Exactly as written, print the lines from the top of the listing through the line containing "Oczęta to wyjątkowe, imponujące"; include no pictures.

## Supplied material
------------
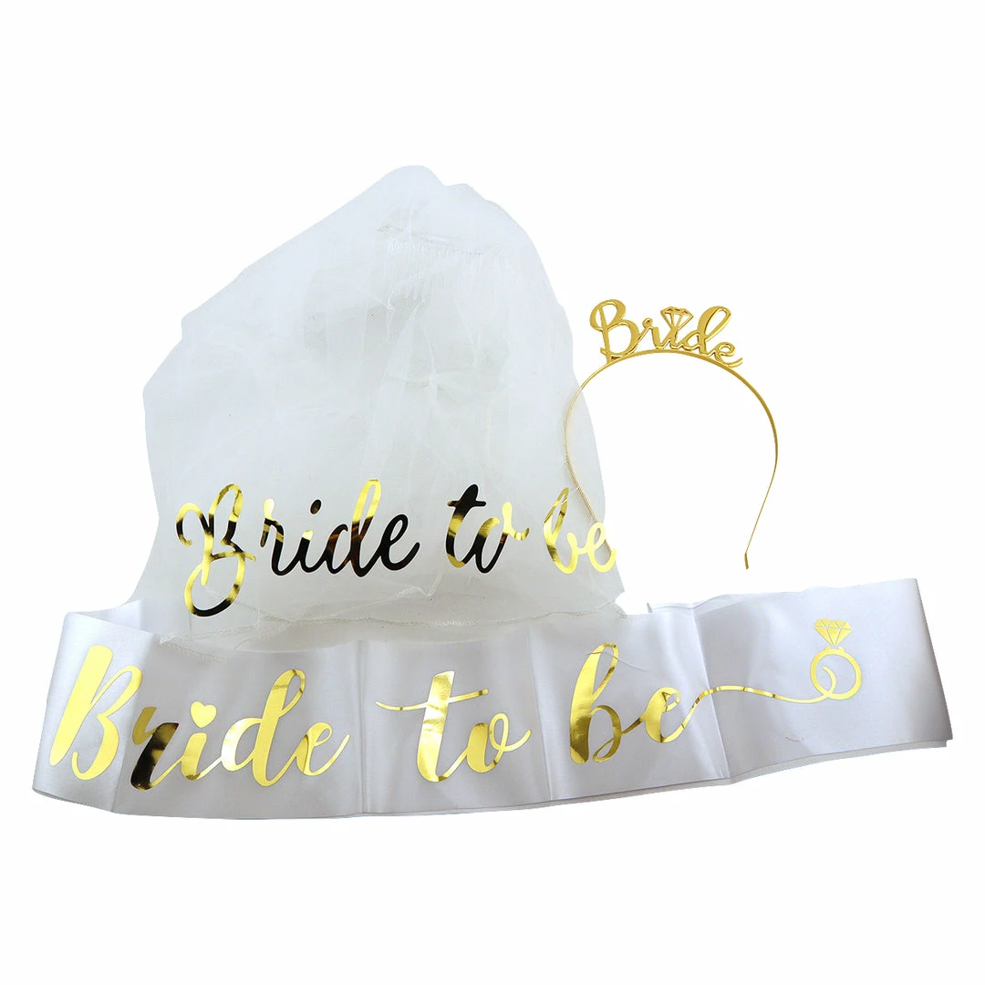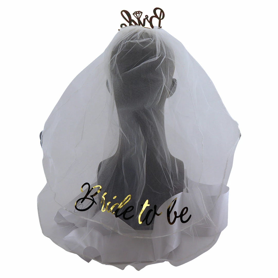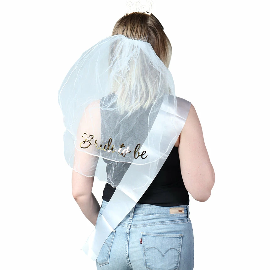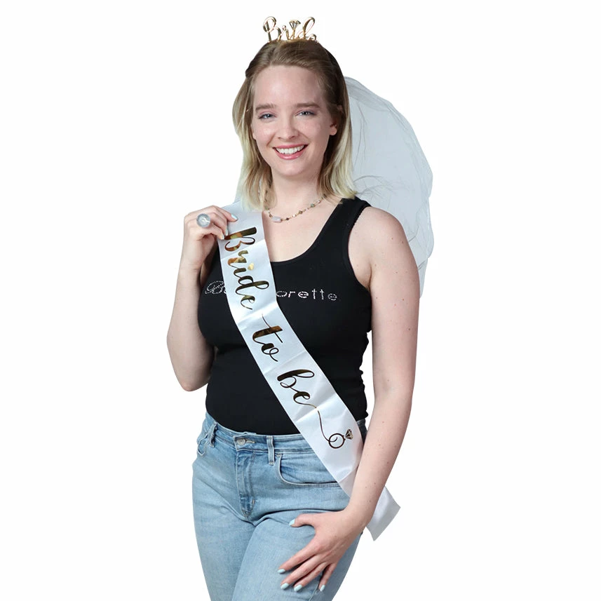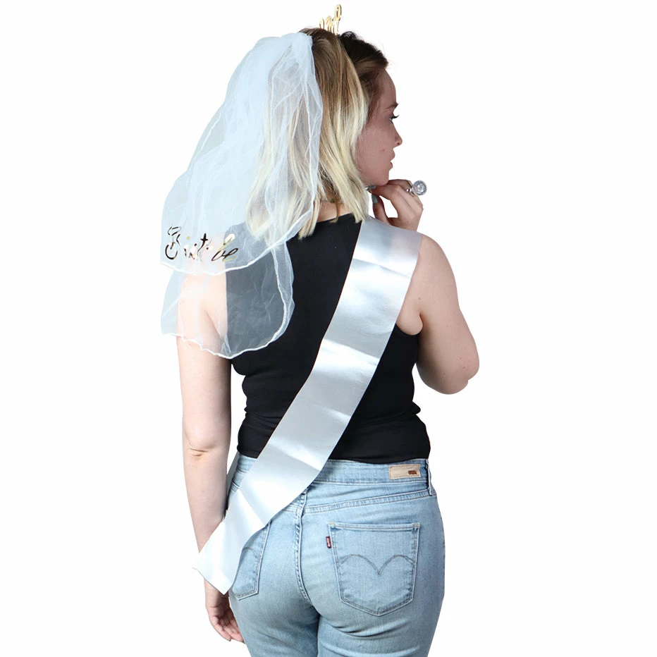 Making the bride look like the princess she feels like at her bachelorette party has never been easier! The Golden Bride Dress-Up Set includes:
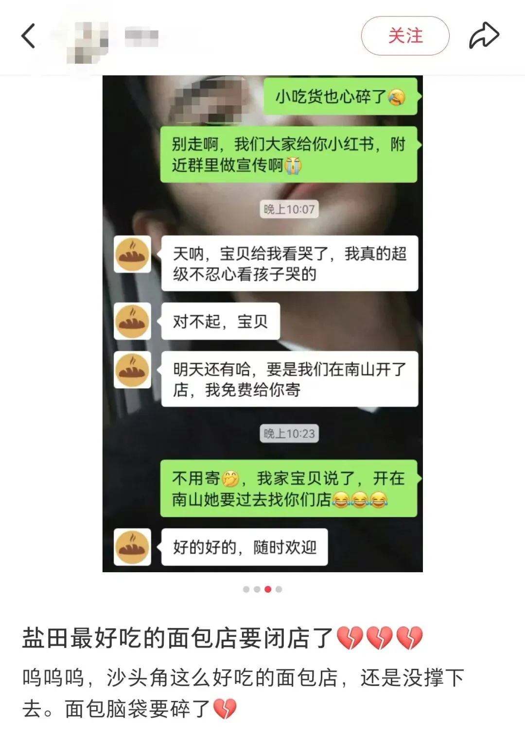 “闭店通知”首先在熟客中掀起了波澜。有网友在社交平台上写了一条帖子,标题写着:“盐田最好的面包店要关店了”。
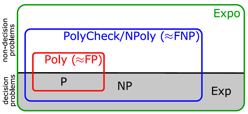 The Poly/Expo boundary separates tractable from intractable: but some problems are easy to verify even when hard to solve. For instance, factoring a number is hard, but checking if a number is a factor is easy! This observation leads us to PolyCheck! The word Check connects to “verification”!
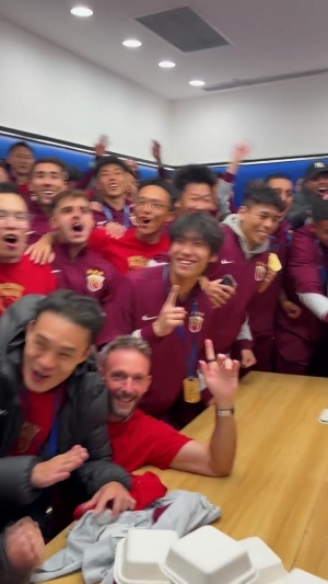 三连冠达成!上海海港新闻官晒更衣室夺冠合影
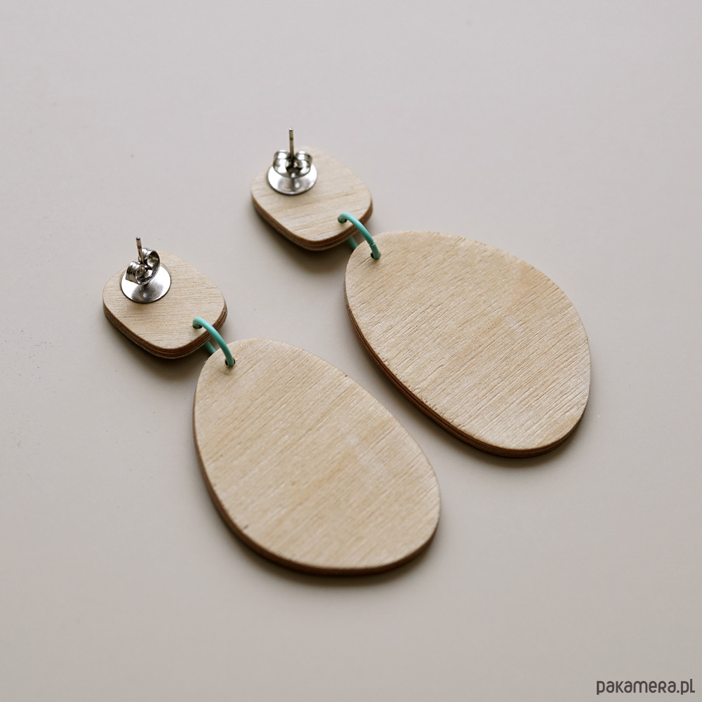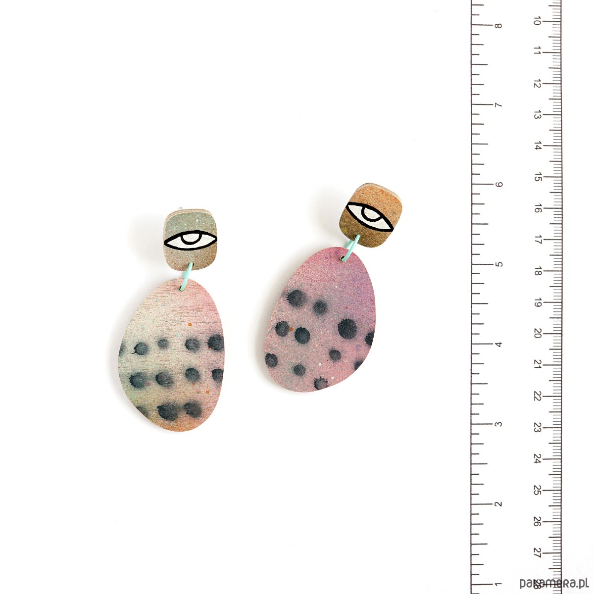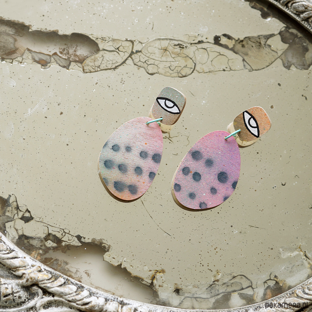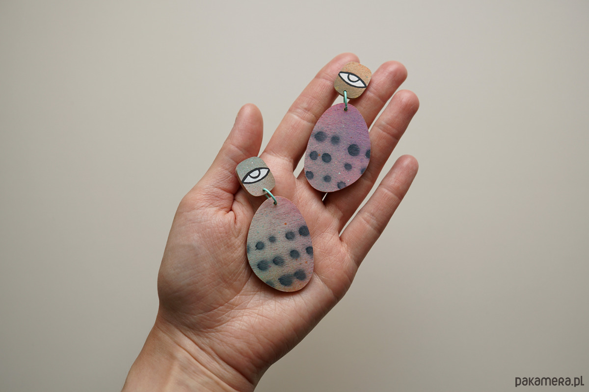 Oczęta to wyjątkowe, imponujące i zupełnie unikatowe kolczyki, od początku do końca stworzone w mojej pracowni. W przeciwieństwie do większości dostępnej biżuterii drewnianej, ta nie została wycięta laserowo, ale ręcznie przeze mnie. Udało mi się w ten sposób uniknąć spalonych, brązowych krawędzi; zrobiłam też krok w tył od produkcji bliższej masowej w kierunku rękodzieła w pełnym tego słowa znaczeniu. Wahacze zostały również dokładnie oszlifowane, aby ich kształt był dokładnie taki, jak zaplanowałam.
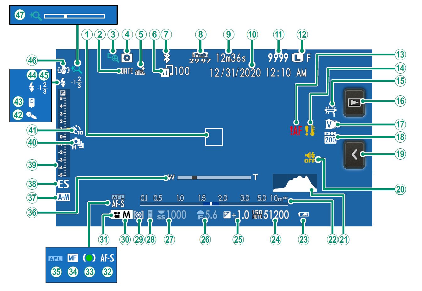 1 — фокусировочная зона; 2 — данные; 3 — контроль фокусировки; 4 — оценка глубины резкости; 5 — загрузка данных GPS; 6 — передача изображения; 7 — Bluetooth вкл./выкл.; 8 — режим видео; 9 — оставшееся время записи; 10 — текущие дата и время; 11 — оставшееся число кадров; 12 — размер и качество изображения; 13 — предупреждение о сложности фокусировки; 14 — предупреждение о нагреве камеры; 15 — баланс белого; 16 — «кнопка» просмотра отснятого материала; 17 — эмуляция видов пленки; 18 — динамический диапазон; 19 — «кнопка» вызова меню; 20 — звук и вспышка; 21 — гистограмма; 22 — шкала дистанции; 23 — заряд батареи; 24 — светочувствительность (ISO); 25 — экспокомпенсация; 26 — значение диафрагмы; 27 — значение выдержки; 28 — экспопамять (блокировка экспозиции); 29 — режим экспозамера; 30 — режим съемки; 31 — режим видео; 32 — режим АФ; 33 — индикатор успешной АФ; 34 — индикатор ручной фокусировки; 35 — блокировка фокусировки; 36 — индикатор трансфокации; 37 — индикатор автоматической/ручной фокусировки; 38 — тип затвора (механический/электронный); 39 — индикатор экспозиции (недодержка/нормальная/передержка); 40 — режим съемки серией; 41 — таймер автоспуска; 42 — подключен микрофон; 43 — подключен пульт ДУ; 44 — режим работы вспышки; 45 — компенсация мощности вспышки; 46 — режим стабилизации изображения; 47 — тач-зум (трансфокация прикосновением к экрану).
------------
## Result for this task
 Making the bride look like the princess she feels like at her bachelorette party has never been easier! The Golden Bride Dress-Up Set includes:
 “闭店通知”首先在熟客中掀起了波澜。有网友在社交平台上写了一条帖子,标题写着:“盐田最好的面包店要关店了”。
 The Poly/Expo boundary separates tractable from intractable: but some problems are easy to verify even when hard to solve. For instance, factoring a number is hard, but checking if a number is a factor is easy! This observation leads us to PolyCheck! The word Check connects to “verification”!
 三连冠达成!上海海港新闻官晒更衣室夺冠合影
 Oczęta to wyjątkowe, imponujące i zupełnie unikatowe kolczyki, od początku do końca stworzone w mojej pracowni. W przeciwieństwie do większości dostępnej biżuterii drewnianej, ta nie została wycięta laserowo, ale ręcznie przeze mnie. Udało mi się w ten sposób uniknąć spalonych, brązowych krawędzi; zrobiłam też krok w tył od produkcji bliższej masowej w kierunku rękodzieła w pełnym tego słowa znaczeniu. Wahacze zostały również dokładnie oszlifowane, aby ich kształt był dokładnie taki, jak zaplanowałam.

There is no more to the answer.